CATEEL, Davao Oriental (MindaNews/12 December) — Hungry, angry and desperate, residents of Barangay San Antonio barricaded Tuesday morning a portion of the Cateel-Baganga highway to stop trucks bearing relief goods, claiming the last time they received food assistance was Thursday last week.
About a hundred survivors of this village at the boundary with Baganga town not only blocked one lane of the highway with wood and other debris but closed in on vehicles, particularly trucks carrying relief goods. MindaNews saw the crowd blocking a truck at around 9:50 a.m. Tuesday, demanding relief assistance apparently bound for Baganga.
Erlyn Alcontin and a group of women near the barricade explained the last time they received food packs from government was on Thursday. But the pack consisted of only two kilos rice, two tins of sardines and two packs of noodle soup.
Someone from the crowd said they received another food pack from a Born Again group last Saturday, consisting of the same goods.
“Asa man ang gobyerno?” (Where is government?), they asked.
When MindaNews returned to the area at 1:40 p.m., the roadblock was gone and the crowd had returned to their makeshift tents or their damaged houses.

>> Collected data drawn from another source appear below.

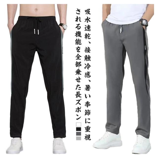 ゴルフパンツ メンズ 接触冷感 ストレッチパンツ スポーツパンツ スポーツウェア ロングパンツ 大きめ 速乾 ゴルフウエア 冷感パンツ uvカット ひんやり 無地 スリム 伸縮 ストレッチ 長ズボン シンプル おしゃれ トレーニングパンツ アウトドア 日焼け防止 夏 秋 送料無料
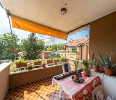 Ingresso che accompagna al soggiorno doppio dotato di terrazzino e camino, alla cucina abitabile anch'essa dotata di balcone, e alla cameretta, il disimpegno porta alla camera matrimoniale con balcone, cameretta, doppi servizi entrambi finestrati.
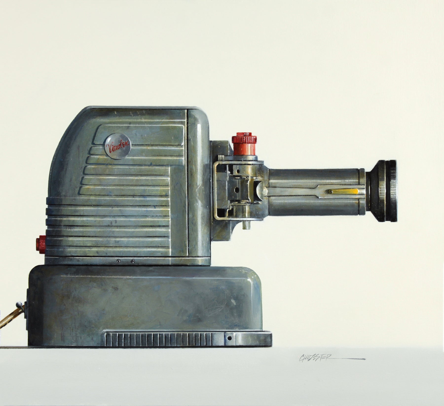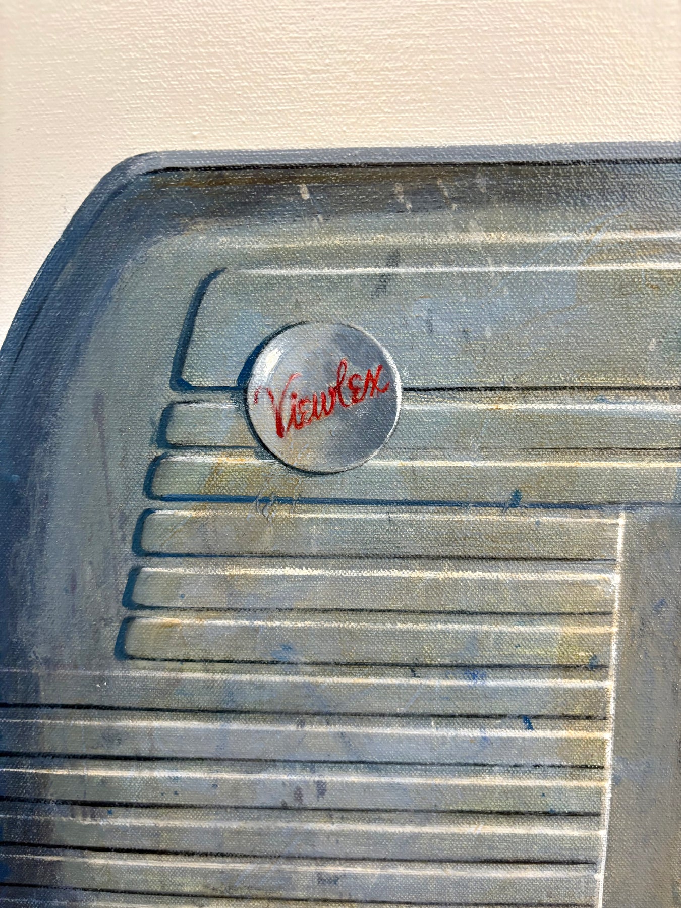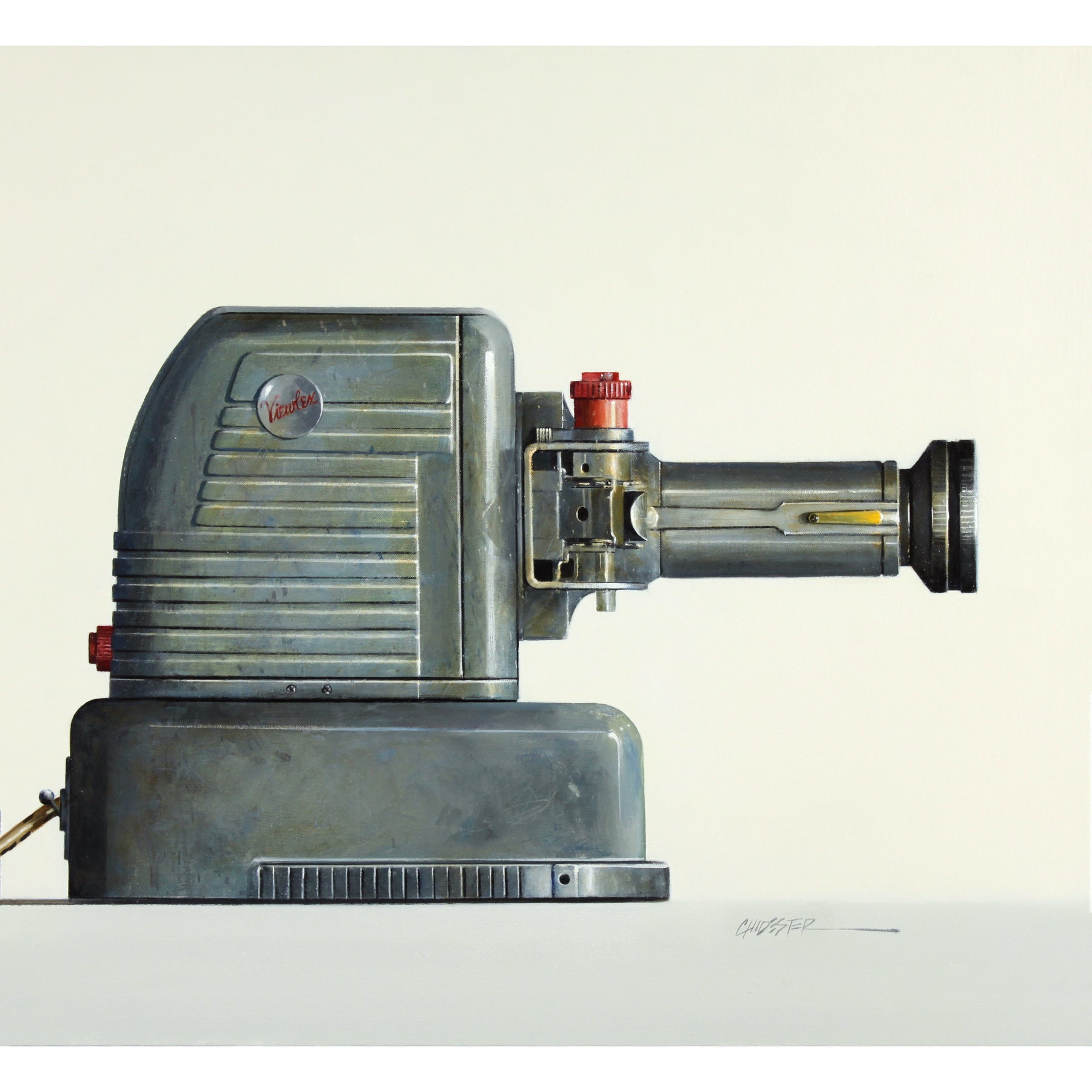 33"x24" oil on canvas painting of a vintage Viewlex image projector.

Jun Butalid, one of those who joined the barricade earlier in the morning said they stopped the blockade around noon when food packs from the Department of Interior and Local Governments arrived.
Butalid said the relief goods from the DILG were the same as previous assistance: two kilos of rice, two tins of sardines and two packs of noodles.
While their stomachs are full, they will not resort to barricading the highway, he said.
Along the road from Baganga to Cateel, one will not miss this message written on white chalk on a scrap plywood on the roadside of Barangay San Antonio: “Help us: we need food, medicine, tent.”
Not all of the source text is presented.